Opatija has a secret garden, a green oasis of peace in the middle of town with a stunning view of Kvarner Bay: the American Gardens. This magnificent park, which covers an area of 8,000 m2, is located in the immediate vicinity of the town centre and Slatina Beach but is wrapped in an invisible veil of peace and tranquillity. After decades of being closed, the American Gardens have now been reopened to the public. A monumental gate with stone pillars guards the entrance to the park with its well-manicured vegetation and which has been carefully designed for relaxation of body and mind.

The history of the American Gardens goes back almost a century. It all began with a ‘double love story’. Michael Paulus Kuczor, a rich Hungarian Szegedi paprika merchant, came in the 1920s to Opatija, which at the time was one of Europe’s most famous destinations, and fell in love with the wonderful view from the green terraces located above the town centre.
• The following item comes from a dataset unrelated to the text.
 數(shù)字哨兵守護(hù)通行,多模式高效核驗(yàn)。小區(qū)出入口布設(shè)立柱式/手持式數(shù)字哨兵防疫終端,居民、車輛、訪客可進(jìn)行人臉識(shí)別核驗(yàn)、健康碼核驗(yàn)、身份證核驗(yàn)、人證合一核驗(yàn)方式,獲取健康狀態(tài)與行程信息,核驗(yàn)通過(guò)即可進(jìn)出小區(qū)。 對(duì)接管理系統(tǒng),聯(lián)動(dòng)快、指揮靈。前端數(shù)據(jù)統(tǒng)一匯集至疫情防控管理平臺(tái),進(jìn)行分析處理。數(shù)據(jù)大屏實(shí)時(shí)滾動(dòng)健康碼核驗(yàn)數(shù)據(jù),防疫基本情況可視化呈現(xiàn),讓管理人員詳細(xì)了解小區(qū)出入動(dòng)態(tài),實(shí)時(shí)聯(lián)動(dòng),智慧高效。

He chose this spot to make his dream come true, a dream in which an angel had appeared to him among flowers and fountains and promised him help lay out a magnificent garden.

In the vicinity, there lived Hilda von Hortenau, who was related to the Austrian imperial family, as she was an extramarital child of the Archduke Otto von Habsburg, the nephew of the Emperor Franz Joseph, and the Viennese prima ballerina Maria Schleinzer. Hilda was the angel who helped Kuczor lay out the gardens. In 1922, this noble woman married the Hungarian adventurer, whose life’s journey had taken him from his home country via Paris to America, where he started a successful spice company and earned the nickname the ‘King of Paprika’.
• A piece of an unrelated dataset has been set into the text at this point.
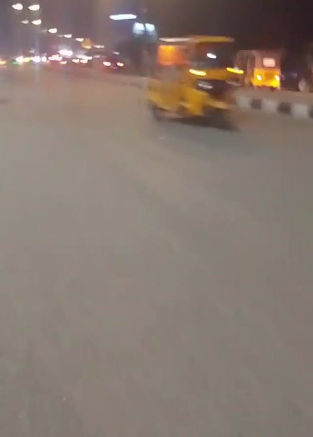 A man walks down a street at night. The street has a paved surface. There are streetlights illuminating the road, and some vehicles are visible in the distance. The man is wearing a dark short-sleeved shirt and dark pants. The camera follows him from behind as he walks away.

Determined to create the most beautiful botanical garden in this part of Europe, the couple blew up the rocks on the hill with mines, brought in soil in carriages, and laid out semi-circular terrace gardens over an area of 30,000 m2. Kuczor didn’t lose his mercantile spirit in Opatija. In fact, he charged a fee of 5 lira to enter the botanical garden, which soon became famous thanks to its beautiful view of Kvarner Bay and the carefully designed architecture of the park with its gardenias, camellias, magnolias, Australian agaves and eucalypts, but also vineyards and thousands of roses. The red peppers to which Kuczor owed his fame and fortune were of course also present in the garden.

During the fifteen years (from 1926 to 1941) in which the garden was open to the public and before its founder left Opatija, a true green oasis of peace and quiet was created in the heart of the town. The press called the park ‘The Gardens of Semiramis’, evoking one of the Seven Wonders of the World, while locally it was known as ‘the American Gardens’ in reference to Kuczor’s past, which is how it is called today.